TopGeneral Introduction
During the last forty years which followed the first publications about booking control, the passenger booking systems have known a large evolution as a result of the development of computer science and telecommunications technologies on one side and of demand and decision theories on the other side. This evolution has touched not only the level of basic inventory control but also the level of higher strategic decision making. Revenue Management appeared as a major matter for airlines with the Airline Deregulation act of 1978 in the United States of America. Since then, it has taken an increasing importance, especially in the context of the competitive market faced by airline companies. Born as a consequence of the Airline Deregulation Act of 1978 in the USA, called in its early days Yield Management, nowadays known as Revenue Management (McGill & van Ryzin, 1999), the new management technique which has revolutionized airline industry and many other perishable-asset industries is meant to maximize revenue on a company’s network of flights, by finding the optimal passenger mix for each flight, given the demand forecasts for each of the different fare products offered to customers. In other words, the reservation process has to be controlled and implemented within a complex decision support environment which should be able to make, on-line, the right decision with respect to any booking request received by the Computer Reservation System (CRS) at any point in time during the booking horizon.
Today, the huge development of new communication devices, such as the Internet, which are used by more and more potential customers, contributes to make the flight/airline choice process more efficient in the context of a quasi-perfect information situation. Under these terms, the design of new decision support systems, providing optimal seat inventory control processes with real-time capabilities, becomes unavoidable to meet the harsh competition from concurrent transporters.

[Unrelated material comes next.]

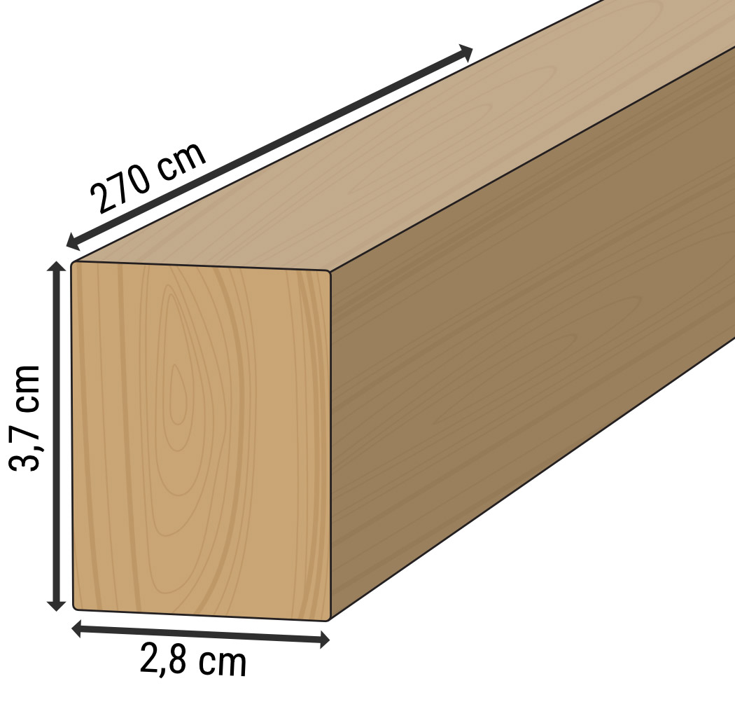 9 x Kunstruktionsholz (3,7 × 2,8 cm, 270 cm lang )

The first part of the communication is devoted to the problem of updating the probability distributions of demand for reservations. In fact, when considering Airlines’ Revenue Management, demand forecasting is a prerequisite to establish booking limits and overbooking levels. Before the seventieth, almost all the research in this field was focused on the subject of overbooking control, but afterwards, many research works about detailed demand forecasting techniques applied to the number and the distribution of bookings, booking cancellations, no-shows and go-shows, were developed. The forecast of air transportation demand is a very difficult task since it has to take into account a multiplicity of complex factors such as distribution of fares and routes, seasonal effects, time schedules etc.
In order to take into account the highly stochastic nature of booking requests, forecasts should be updated with the latest information available to improve the efficiency of the Revenue Management decision process.
The second part of the paper is devoted to the design of a new Decision Support System for improving the reservation control process of airlines. Many design studies for on-line Revenue Management have been performed, some of them particularly towards the implementation of the Dynamic Programming technique. Here a step further is taken in this direction, by the proposal of a new recursive model for the maximum expected revenue evaluation which, contrarily to other approaches, takes explicitly into account daily booking requests arrivals. The optimisation module of the Revenue Management System works on-line. It gathers as input all the most recent updates provided by a demand forecasting function, as well as the present state of the reservations, to proceed with an optimisation algorithm in order to treat in an efficient way new requests. The temporal (daily) dimension of the reservation process in the airline industry has to be taken into account for a realistic implementation of any optimisation method. The Dynamic Programming technique, whose theoretical foundations were established in the early fifties, is used now in air transportation field with increased efficiency. Two main reasons can be quoted for that: first, the drastic increase in computational power of recent computers; second, the development of new forecasting methods which allow to estimate more accurately the probabilistic parameters describing the booking requests arrival process, which are needed by the Dynamic Programming (DP) algorithm.